YOUR OBJECTIVE —
Using the records below, write out only the lines from the line containing "Pegatina Redonda Colibrí" up to and including the line containing "家庭是婚育行为的结果,婚育行", exactly, with no pictures.

RECORDED DATA —
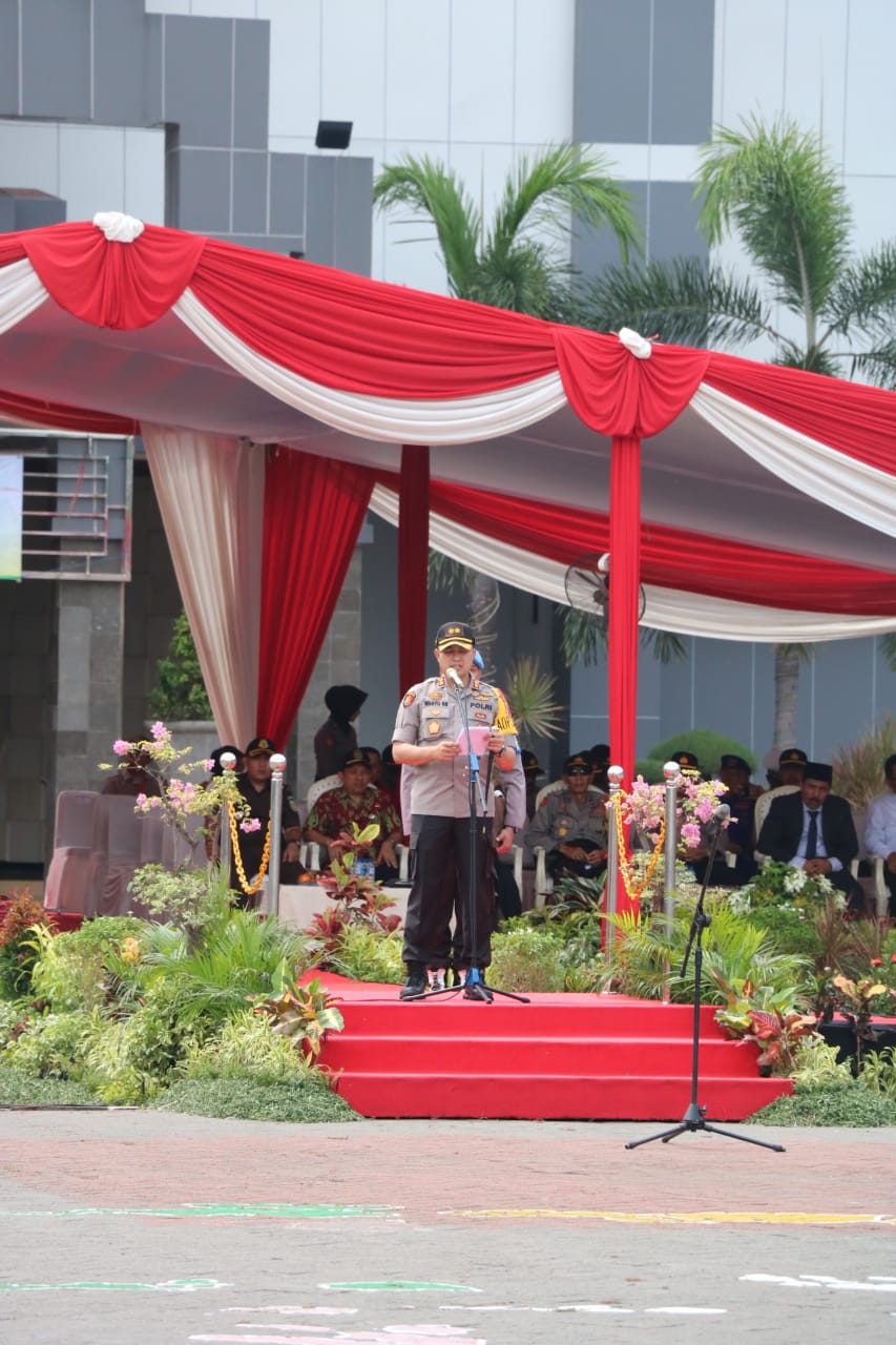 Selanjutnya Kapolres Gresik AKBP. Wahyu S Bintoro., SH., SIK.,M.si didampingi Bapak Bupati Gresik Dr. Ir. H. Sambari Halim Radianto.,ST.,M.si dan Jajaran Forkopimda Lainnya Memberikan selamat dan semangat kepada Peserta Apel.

==

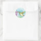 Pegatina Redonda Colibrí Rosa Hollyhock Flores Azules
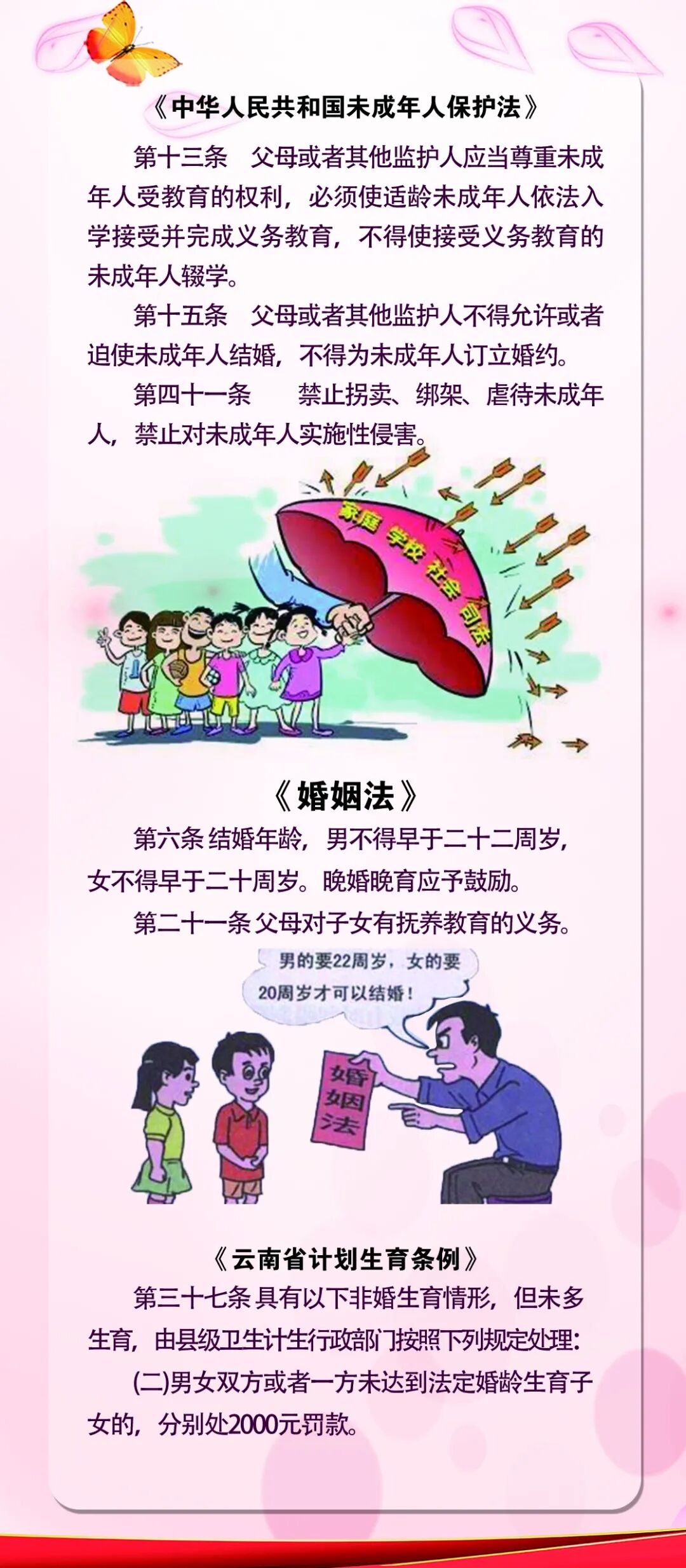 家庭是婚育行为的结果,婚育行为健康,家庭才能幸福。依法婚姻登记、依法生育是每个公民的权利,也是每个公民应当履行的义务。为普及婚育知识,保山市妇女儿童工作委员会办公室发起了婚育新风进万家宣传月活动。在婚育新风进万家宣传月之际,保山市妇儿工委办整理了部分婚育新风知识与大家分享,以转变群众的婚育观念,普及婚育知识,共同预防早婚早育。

EXERCISE ANSWER —
 Pegatina Redonda Colibrí Rosa Hollyhock Flores Azules
 家庭是婚育行为的结果,婚育行为健康,家庭才能幸福。依法婚姻登记、依法生育是每个公民的权利,也是每个公民应当履行的义务。为普及婚育知识,保山市妇女儿童工作委员会办公室发起了婚育新风进万家宣传月活动。在婚育新风进万家宣传月之际,保山市妇儿工委办整理了部分婚育新风知识与大家分享,以转变群众的婚育观念,普及婚育知识,共同预防早婚早育。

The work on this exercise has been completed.